▸ Problem details
Copy the lines below exactly, starting at the one with "The image features" and ending at the one with "Obraz premium Galactic", and leave out any picture.
Start of Data extract
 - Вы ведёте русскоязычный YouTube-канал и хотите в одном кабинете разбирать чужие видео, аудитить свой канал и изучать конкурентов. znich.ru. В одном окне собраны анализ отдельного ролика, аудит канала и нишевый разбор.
End of Data extract
Start of Data extract
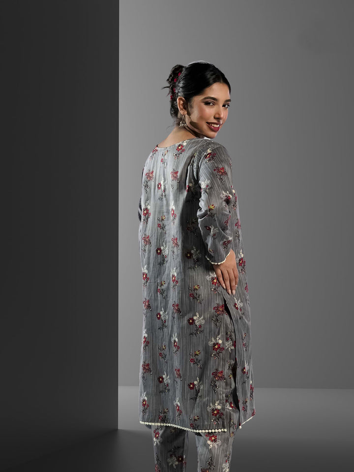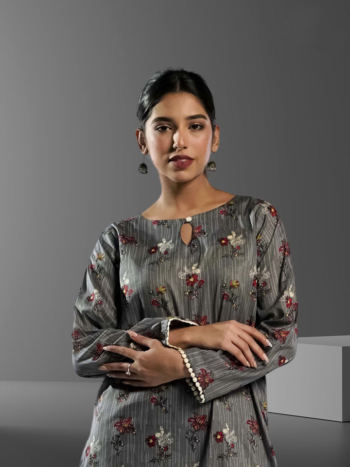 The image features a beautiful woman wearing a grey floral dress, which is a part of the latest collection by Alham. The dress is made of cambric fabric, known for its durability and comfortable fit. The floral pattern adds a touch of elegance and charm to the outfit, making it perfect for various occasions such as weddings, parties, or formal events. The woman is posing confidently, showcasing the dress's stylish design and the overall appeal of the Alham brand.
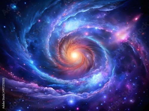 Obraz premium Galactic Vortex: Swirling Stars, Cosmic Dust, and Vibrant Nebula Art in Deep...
End of Data extract
Start of Data extract
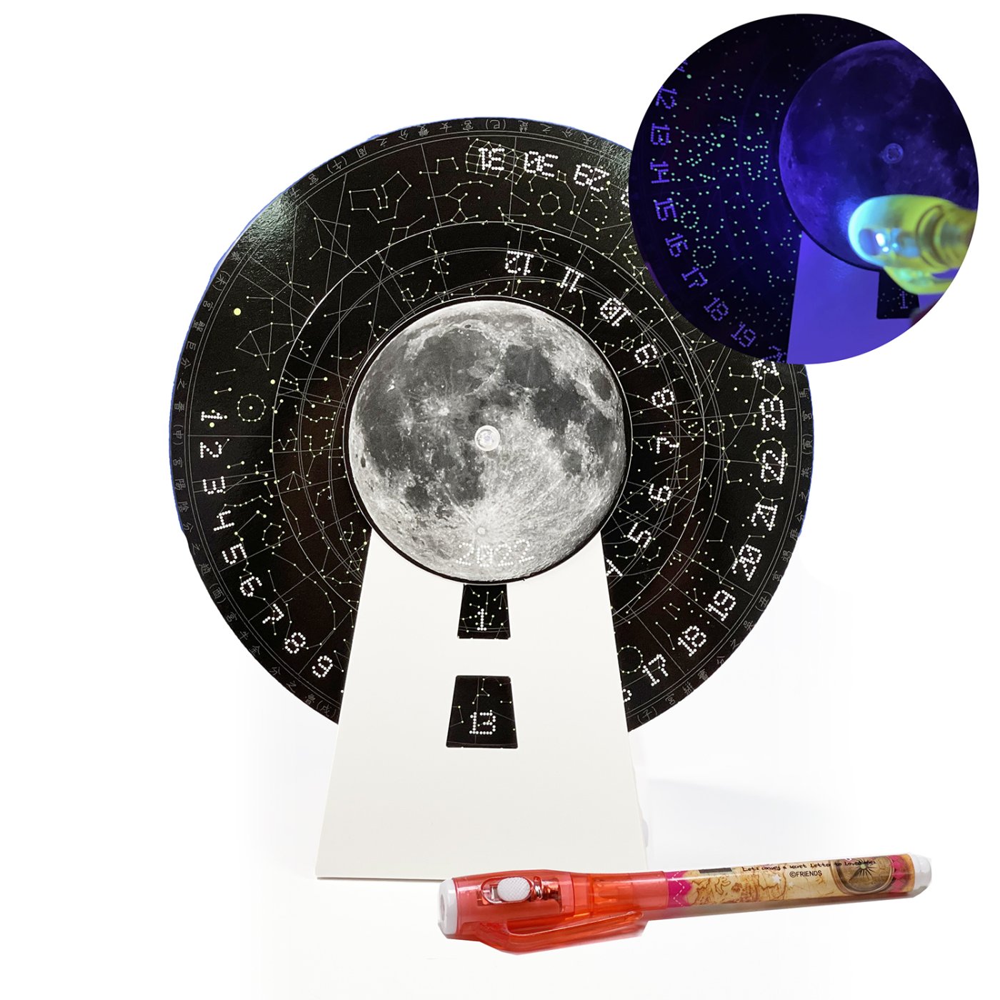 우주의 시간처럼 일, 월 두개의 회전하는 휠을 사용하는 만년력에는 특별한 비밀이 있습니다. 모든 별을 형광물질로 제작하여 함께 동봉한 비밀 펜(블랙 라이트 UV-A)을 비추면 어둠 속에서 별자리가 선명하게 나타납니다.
End of Data extract
▸ Finished exercise
 The image features a beautiful woman wearing a grey floral dress, which is a part of the latest collection by Alham. The dress is made of cambric fabric, known for its durability and comfortable fit. The floral pattern adds a touch of elegance and charm to the outfit, making it perfect for various occasions such as weddings, parties, or formal events. The woman is posing confidently, showcasing the dress's stylish design and the overall appeal of the Alham brand.
 Obraz premium Galactic Vortex: Swirling Stars, Cosmic Dust, and Vibrant Nebula Art in Deep...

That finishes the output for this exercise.